Yep. I was looking to add some keys to a model.as_json call and used Rails' symbolize_keys method: hash = {a: 1, b: 2, **model.as_json.symbolize_keys} – Gemmell 4/6, 2020 at 19:47

O

5

Yes, there is a way to de-structure a hash:

def f *args; args; end
opts = {hash2: 'bar', hash3: 'baz'}
f *opts  #=> [[:hash2, "bar"], [:hash3, "baz"]]

The problem is that you what you want is actually not de-structuring at all. You’re trying to go from

'arg1', { hash2: 'bar', hash3: 'baz' }, { hash1: 'foo' }

(remember that 'arg1', foo: 'bar' is just shorthand for 'arg1', { foo: 'bar' }) to

'arg1', { hash1: 'foo', hash2: 'bar', hash3: 'baz' }

which is, by definition, merging (note how the surrounding structure—the hash—is still there). Whereas de-structuring goes from

'arg1', [1, 2, 3]

to

'arg1', 1, 2, 3

Orland answered 3/3, 2013 at 22:39 Comment(0)

J

3

There is no such thing (although it has been proposed). Since this will change the parsing rule, it cannot be implemented within Ruby. The best I can think of is to define * on hash like

class Hash; alias :* :merge end

and use it in one of the following ways:

foo('arg1', {hash1: 'foo'}*opts)
foo('arg1', {hash1: 'foo'} *opts)
foo('arg1', {hash1: 'foo'}. *opts)

the last of which I think is reasonably close to what you wanted.

Jehu answered 3/3, 2013 at 22:35 Comment(3)

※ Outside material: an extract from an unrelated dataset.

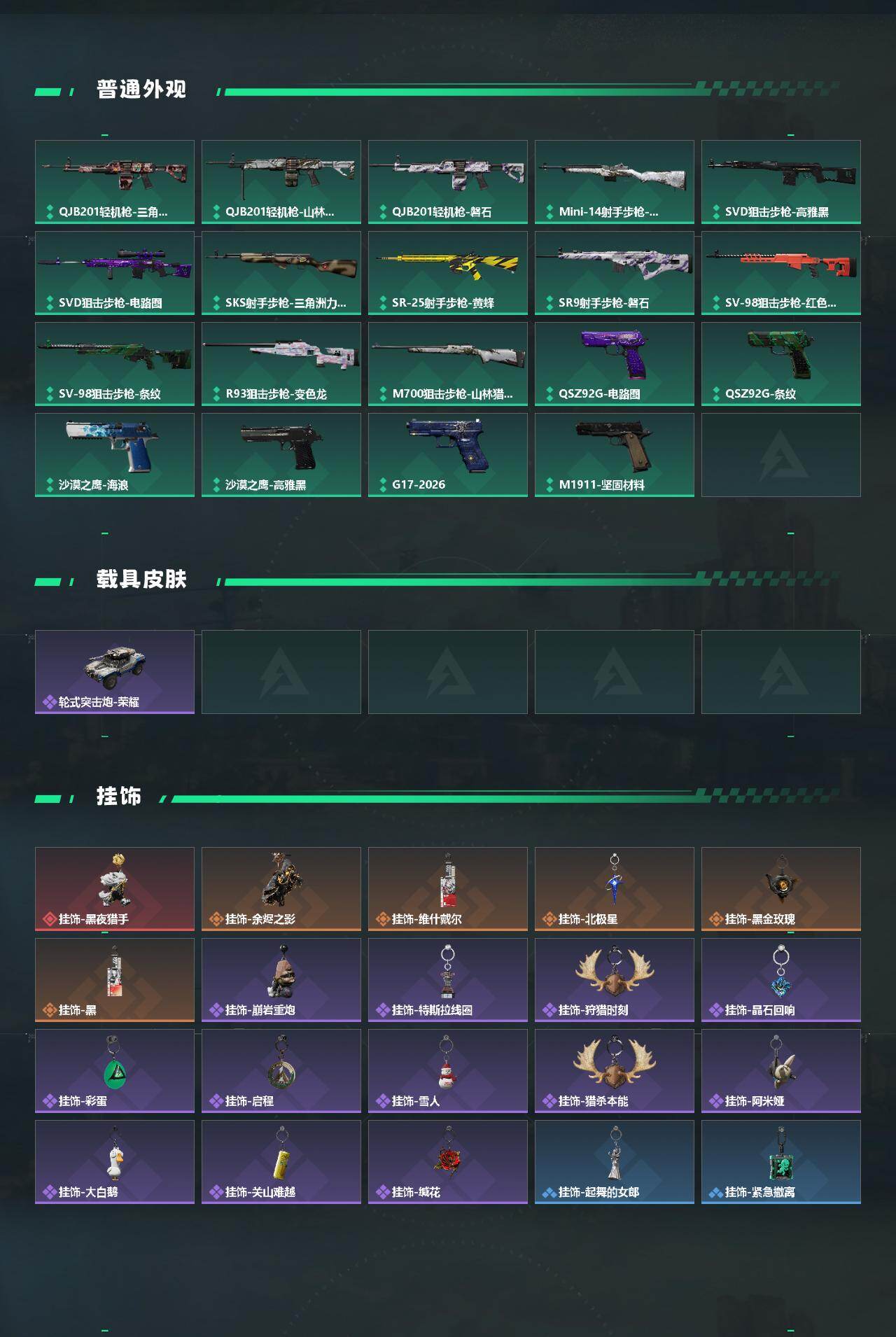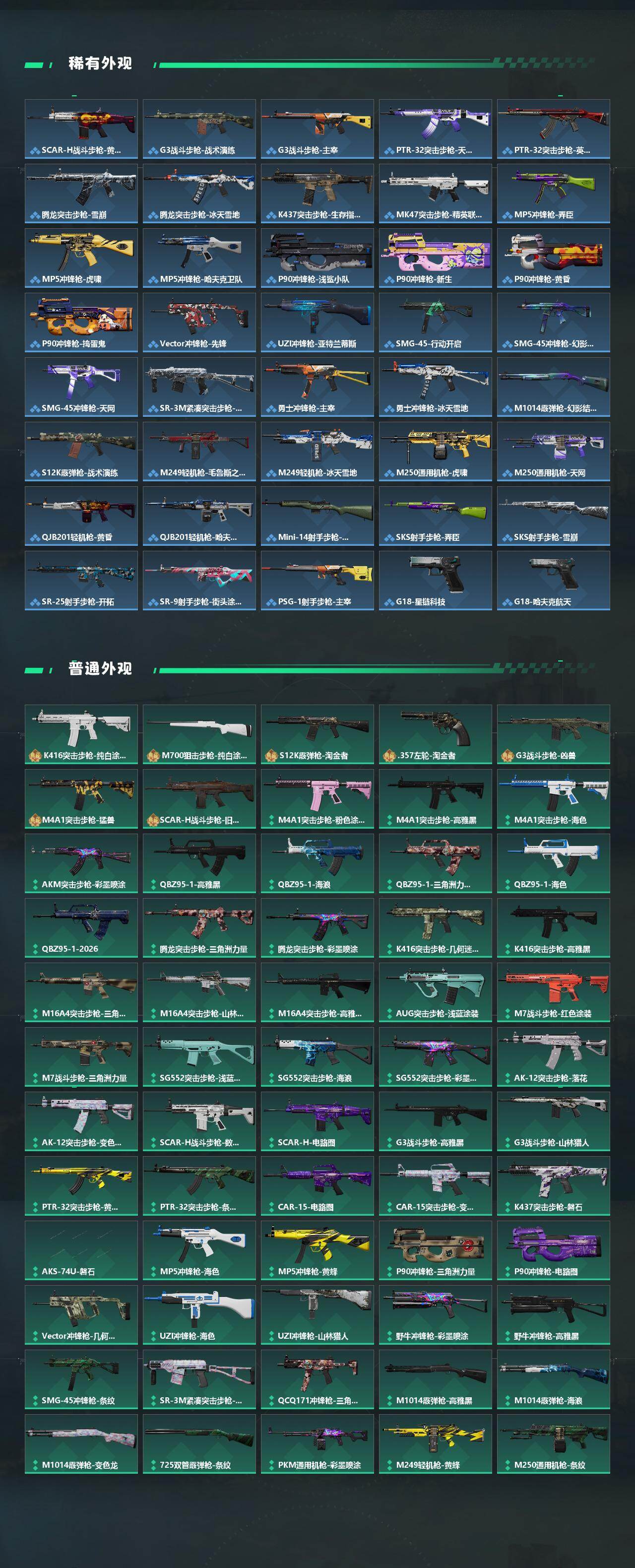 【史诗外观】:K416突击步枪-潜袭者,AKM突击步枪-林中猎手,ASh-12战斗步枪-无极限,K416突击步枪-冬日风情,K416突击步枪-阿萨拉特攻,M16A4突击步枪-竞赛选手,AUG突击步枪-蝮蛇,M7战斗步枪-百步穿杨,SG552突击步枪-深海恐惧,SG552突击步枪-哈夫克警备,SCAR-H战斗步枪-囚徒,G3战斗步枪-流沙送葬,G3战斗步枪-哈夫克警备,AS Val突击步枪-典狱官,AS Val突击步枪-百步穿杨,腾龙突击步枪-无垢,腾龙突击步枪-猎鳄行动,K437突击步枪-守护者,MP5冲锋枪-深海恐惧,MP5冲锋枪-战术竞备,MP5冲锋枪-竞技风,Vector冲锋枪-猎鳄行动,Vector冲锋枪-百步穿杨,Vector冲锋枪-异域战争,SR-3M紧凑突击步枪-荒野求生,SR-3M紧凑突击步枪-战术竞备,勇士冲锋枪-深海恐惧,MP7冲锋枪-无垢,MP7冲锋枪-守护者,M1014霰弹枪-林中猎手,S12K霰弹枪-曙光,PKM通用机枪-蝮蛇,PKM通用机枪-荒野求生,M250通用机枪-囚徒,Mini-14射手步枪-守护者,SVD狙击步枪-暗夜猎手,SVD狙击步枪-荒野求生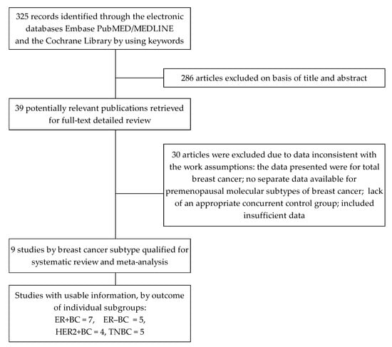 Details of the search and identification process are presented in Figure 1. The search through electronic databases and relevant bibliographies identified 325 articles. Based on the titles and/or abstracts reviewed, 286 items were excluded. The remaining 39 articles with potentially relevant works were then qualified for full-text evaluation. Among these, 30 studies were, among others, excluded due to data inconsistent with the work assumptions, the data presented were for total breast cancer, and no separate data were available for pre-and postmenopausal molecular subtypes of breast cancer, or other reasons. Finally, nine articles were included in the systematic review and meta-analysis.

Perhaps using + instead of * would make more sense? – Orland 3/3, 2013 at 22:39

@AndrewMarshall I agree with that. I wanted to make it look close to the splat operator. – Jehu 3/3, 2013 at 22:40

It's now possible in Ruby 3, though with a different/new syntax: {a: 1, b: 2, c: 3, d: 4} => {a:, b:, **rest} (see ruby3.dev/ruby-3-fundamentals/2021/01/06/…) – Scolopendrid 19/2, 2021 at 19:20

C

1

If you're ok with using active_support:

require 'active_support/core_ext/hash/slice.rb'

def foo(*args)
  puts "ARGS: #{args}"
end

opts = {hash2: 'bar', hash3: 'baz'}
foo *opts.slice(:hash2, :hash3).values

...or you could monkey-patch your own solution:

class Hash
  def pluck(*keys)
    keys.map {|k| self[k] }
  end
end

def foo(*args)
  puts "ARGS: #{args}"
end

opts = {hash2: 'bar', hash3: 'baz'}
foo *opts.pluck(:hash2, :hash3)

Chile answered 14/9, 2014 at 1:37 Comment(0)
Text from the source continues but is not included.